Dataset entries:
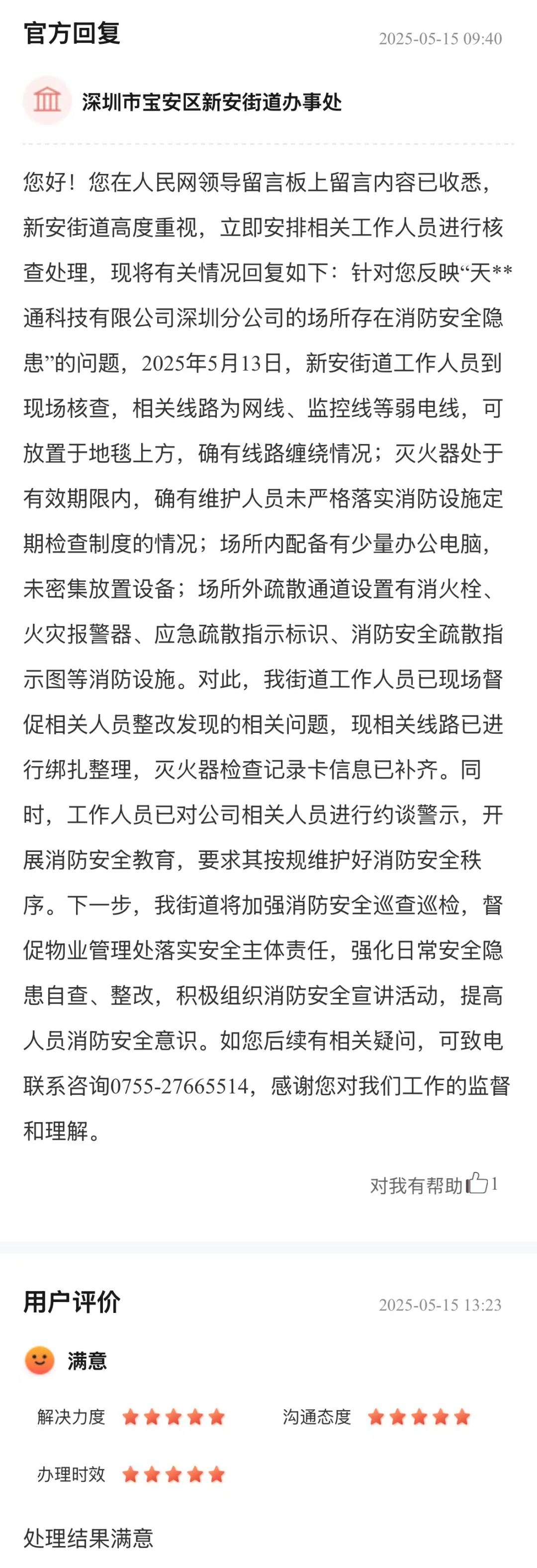 企業(yè)電氣線路混亂、滅火器維護(hù)缺位等消防隱患,直接威脅員工生命財(cái)產(chǎn)安全,更潛藏重大事故風(fēng)險(xiǎn)。街道辦收到市民反饋后,迅速核查并高效解決現(xiàn)存問題,以“即知即改”的行動(dòng)力回應(yīng)群眾關(guān)切。后續(xù)通過約談警示、安全宣教等舉措,從“治已病”轉(zhuǎn)向“防未病”,切實(shí)筑牢區(qū)域消防安全屏障,展現(xiàn)基層對(duì)安全隱患的快速治理能力,傳遞出“民生安全無小事”的責(zé)任擔(dān)當(dāng),獲得網(wǎng)民的五星好評(píng)。
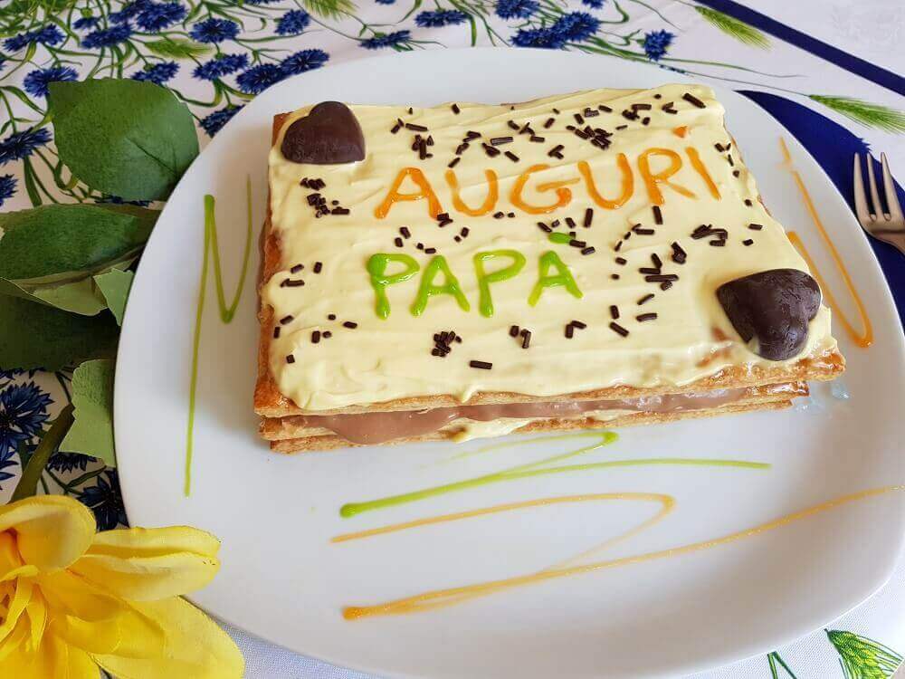 La Torta Millefoglie con Crema di Mascarpone e Cioccolato, l’ho preparata in occasione della festa di compleanno di mio papà.
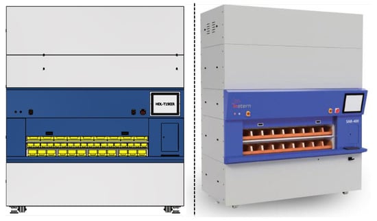 - Roodbergen, K.J.; Vis, I.F.A. A survey of literature on automated storage and retrieval systems. Eur. J. Oper. Res. 2009, 194, 343–362. [Google Scholar] [CrossRef]
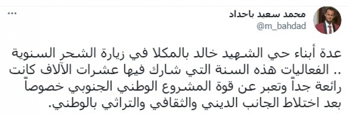 وقال في تغريدة على حسابه بموقع التدوين المصغر تويتر، اليوم إن: "عدة أبناء حي الشهيد خالد بالمكلا في زيارة الشحر السنوية".
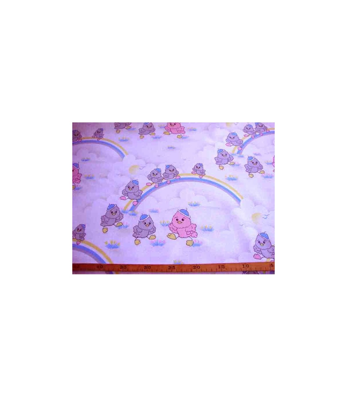 Tafelzeil van geplastificeerd katoen, wit/grijs met een regenboog en kuikens.
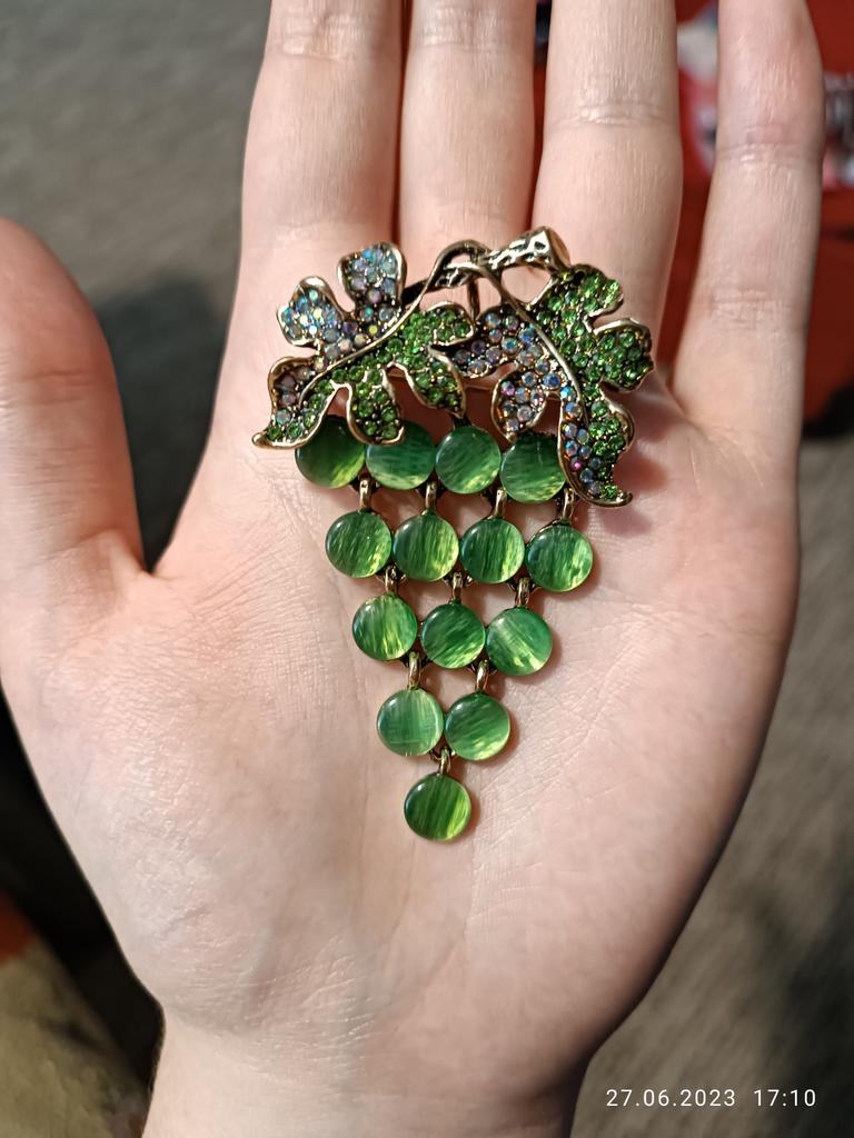 🍇Очень красивая и крупная брошь "Гроздь винограда" 🍇Виноградная гроздь символизирует достаток, плодородие, изобилие и радость 🍇Сделана хорошо, не цепляется 🍇Полностью соответствует промофото 🍇Купила к серьгам-виноградинкам 🍇Наглядно показала и рассказала в видео 🍇Очень мне брошь понравилась, дорого-богато смотрится 👆💯 😊ЯдовольнаЯ 😊 рекомендую к покупке 💯
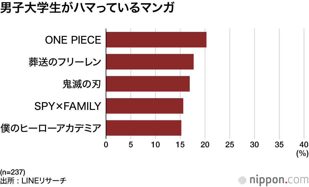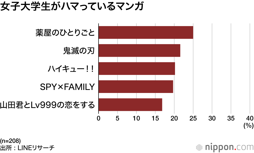 女子大学生は「薬屋のひとりごと」、男子大学生は「ONE PIECE」がそれぞれトップ。「鬼滅の刃」は大学生にも人気で、女子2位、男子3位だった。
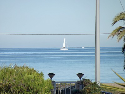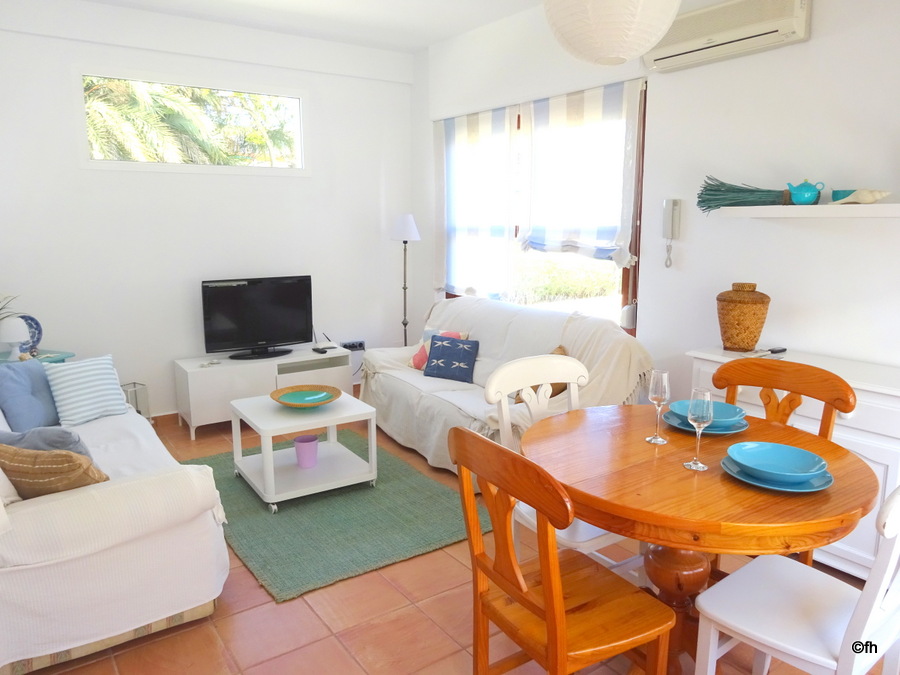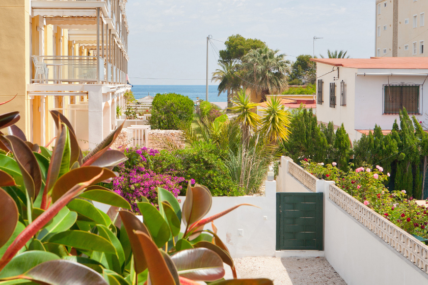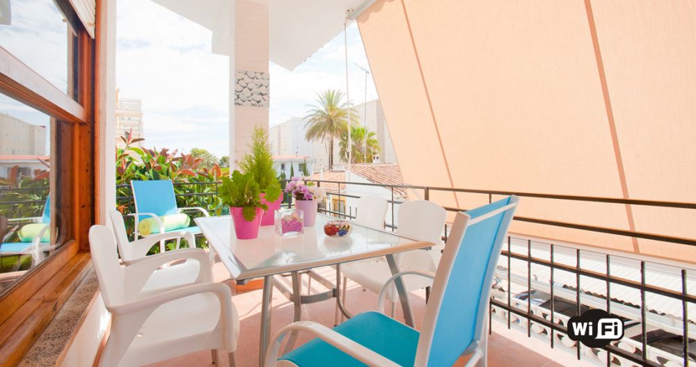 Este moderno y luminoso apartamento está en primera línea de playa, a tan solo 50 metros con acceso directo a la arena. Dispone de tres habitaciones dobles, una con cama de matrimonio de 150 cm, y las otras dos con camas de 90 cm, baño con ducha, un aseo y cocina completamente equipada. Su amplio salón comedor tiene acceso a una magnífica terraza exterior con vistas al mar, dispone también de una segunda terraza-solarium con orientación sur. La vivienda cuenta con aire acondicionado, wifi, tv satélite, barbacoa y parking privado.
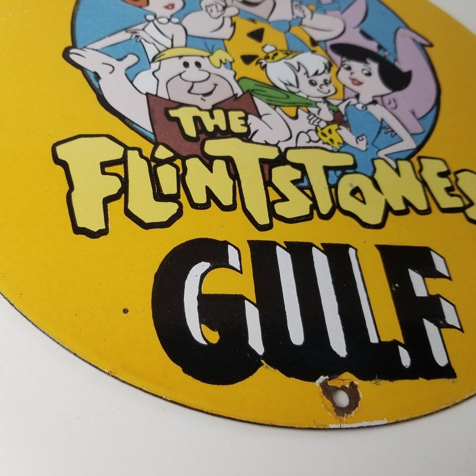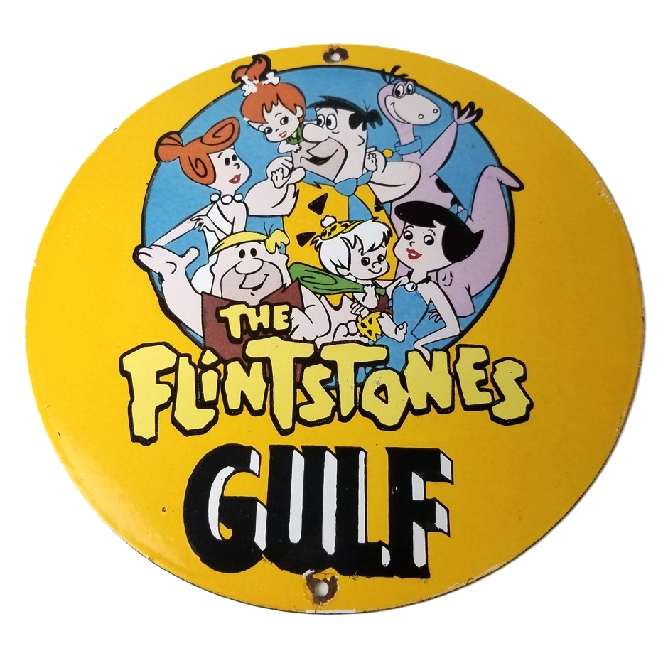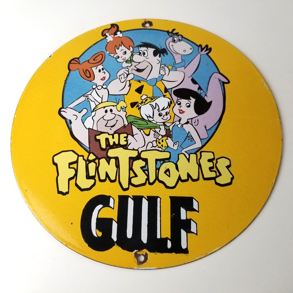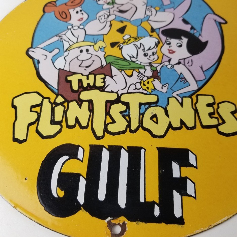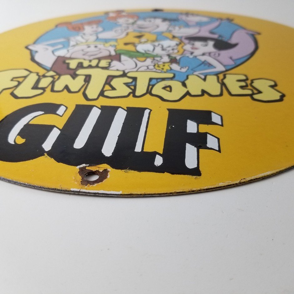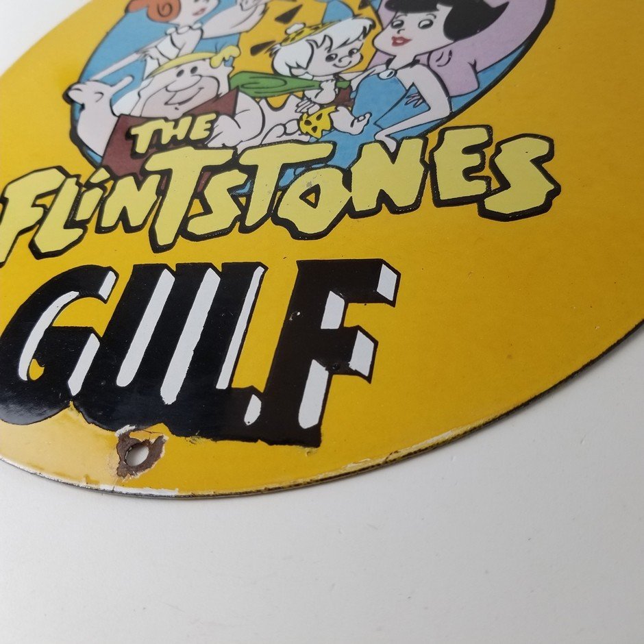 Vintage Gulf Gasoline Sign – Flintstones Porcelain Advertising Gas Pump Sign
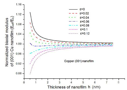 圖2:Cu納米薄膜雙軸拉伸等效模量隨薄膜厚度及外載應(yīng)變的變化 (據(jù):中國(guó)科學(xué)院)
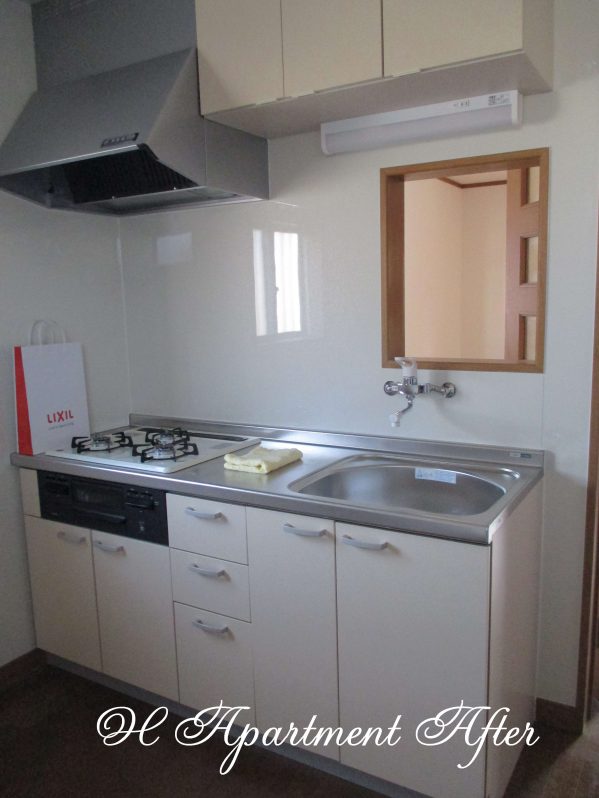 施工内容は、システムキッチン入れ替え、カップボード新設、LDKフロア上張貼り、電気配線、分電盤交換、設備配管改修、木製建具改修、内装クロスそして洗面室棚の新設でした。
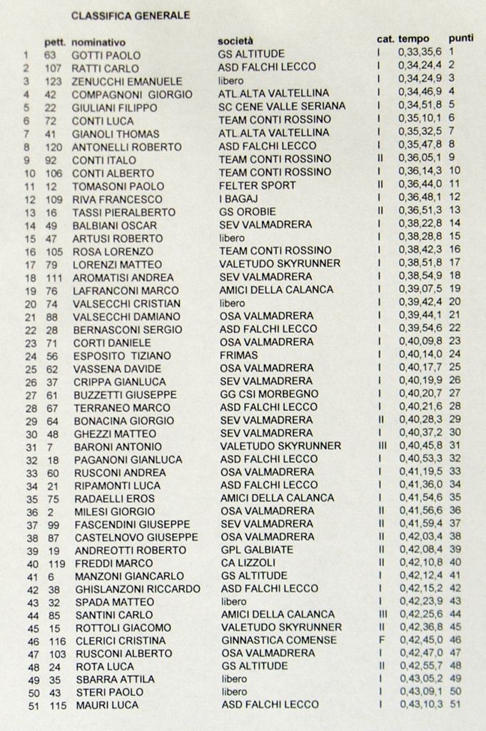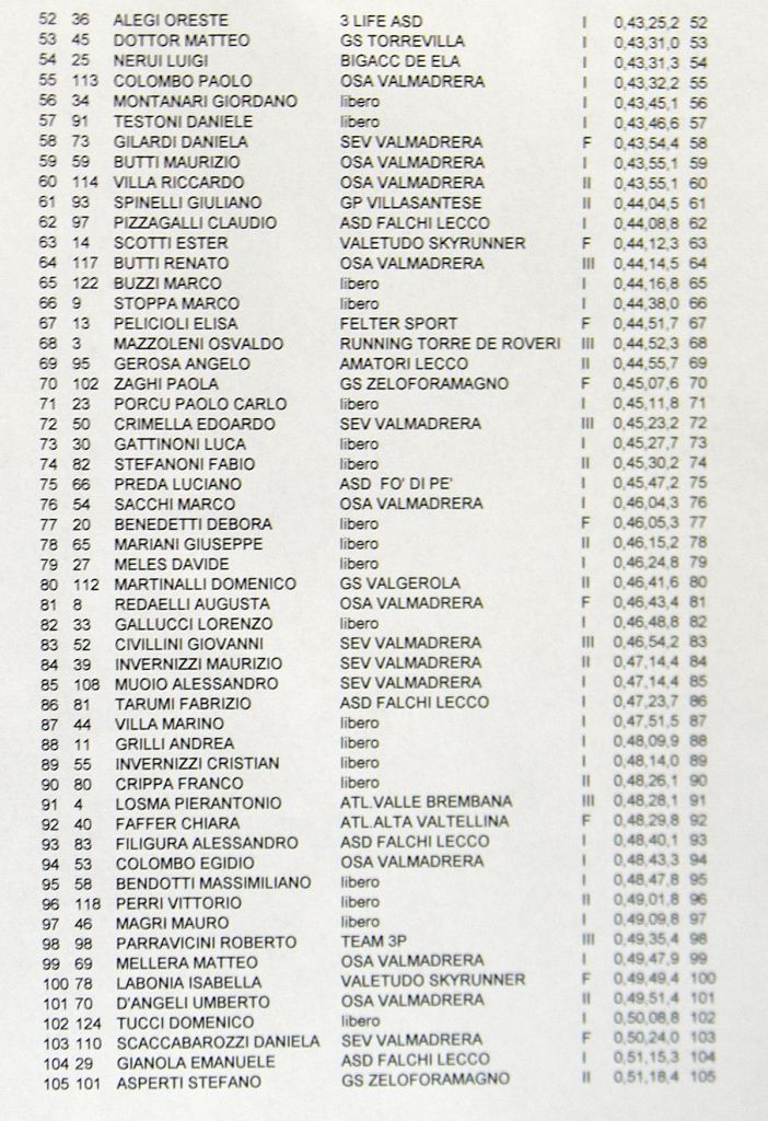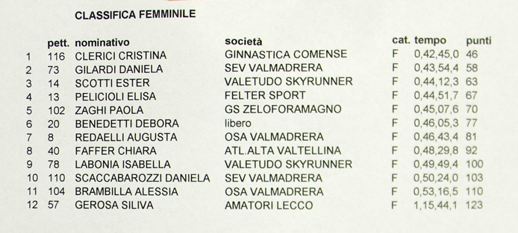 Tra le donne a salire sul gradino più alto del podio è stata Clerici Cristina della Ginnastica Comense che ha fermato il crono su 42’45”.0, seconda Daniela Gilardi della Sev Valmadrera (43′.54”.4) e al terzo posto Ester Scotti della Valetudo Skyrunner (44′.12”.3).
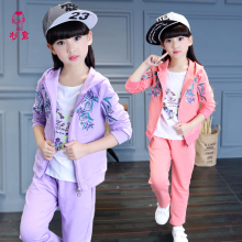 童装女童三件套装春秋款套装儿童运动长袖2017新款女孩中大童卫衣
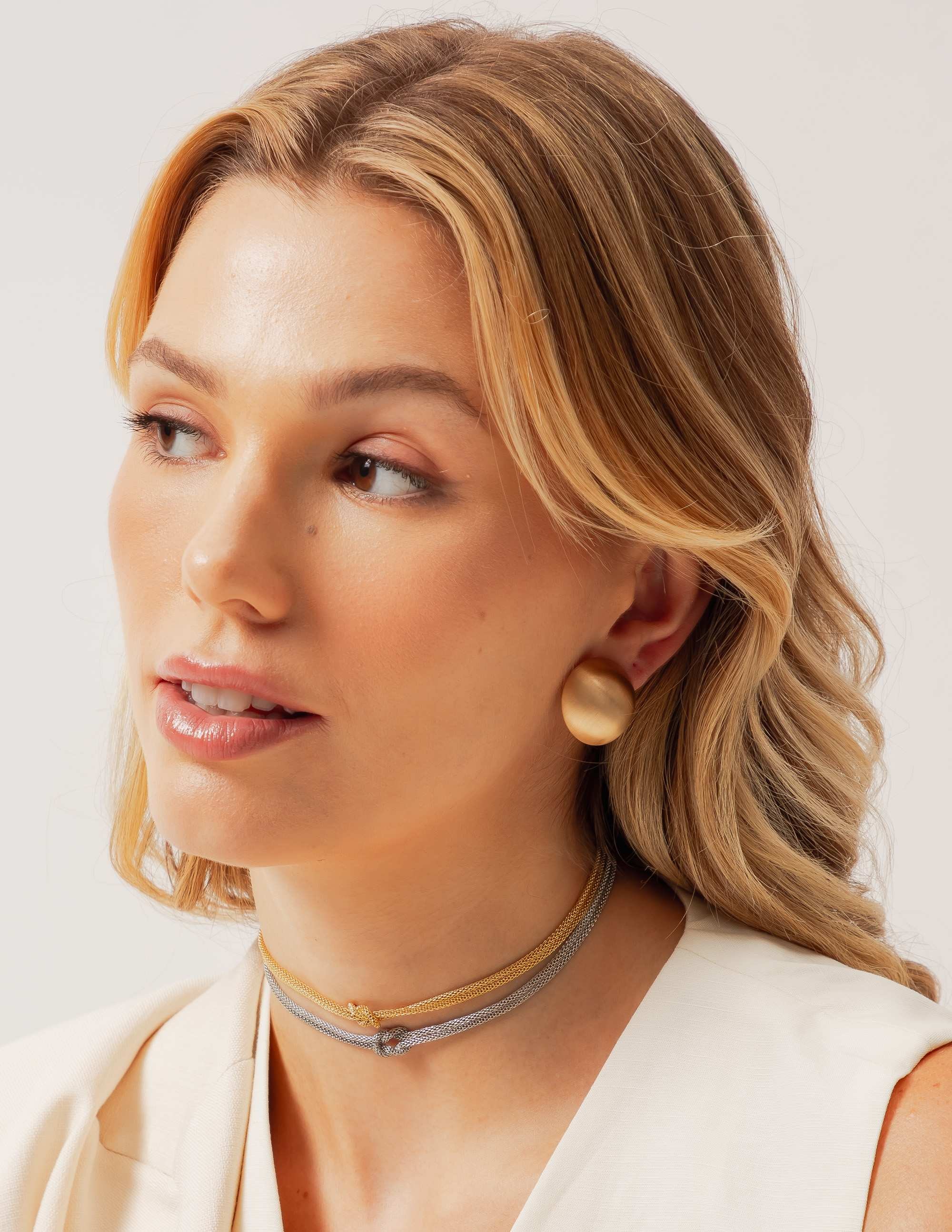 Todos os nossos metais são banhados a ouro, possuem camada protetiva para bijuterias finas e também possuem camada de metal precioso em sua composição. As bijuterias precisam de cuidados, limpe-as com flanela seca e macia, evite contato direto com cosméticos, areia, praia e piscina.

> EXERCISE OBJECTIVE: Copy out exactly, with no pictures, the lines of the data from the first one through the line bearing "- Roodbergen, K.J.;".

> ANSWER BELOW:
 企業(yè)電氣線路混亂、滅火器維護(hù)缺位等消防隱患,直接威脅員工生命財(cái)產(chǎn)安全,更潛藏重大事故風(fēng)險(xiǎn)。街道辦收到市民反饋后,迅速核查并高效解決現(xiàn)存問題,以“即知即改”的行動(dòng)力回應(yīng)群眾關(guān)切。后續(xù)通過約談警示、安全宣教等舉措,從“治已病”轉(zhuǎn)向“防未病”,切實(shí)筑牢區(qū)域消防安全屏障,展現(xiàn)基層對(duì)安全隱患的快速治理能力,傳遞出“民生安全無小事”的責(zé)任擔(dān)當(dāng),獲得網(wǎng)民的五星好評(píng)。
 La Torta Millefoglie con Crema di Mascarpone e Cioccolato, l’ho preparata in occasione della festa di compleanno di mio papà.
 - Roodbergen, K.J.; Vis, I.F.A. A survey of literature on automated storage and retrieval systems. Eur. J. Oper. Res. 2009, 194, 343–362. [Google Scholar] [CrossRef]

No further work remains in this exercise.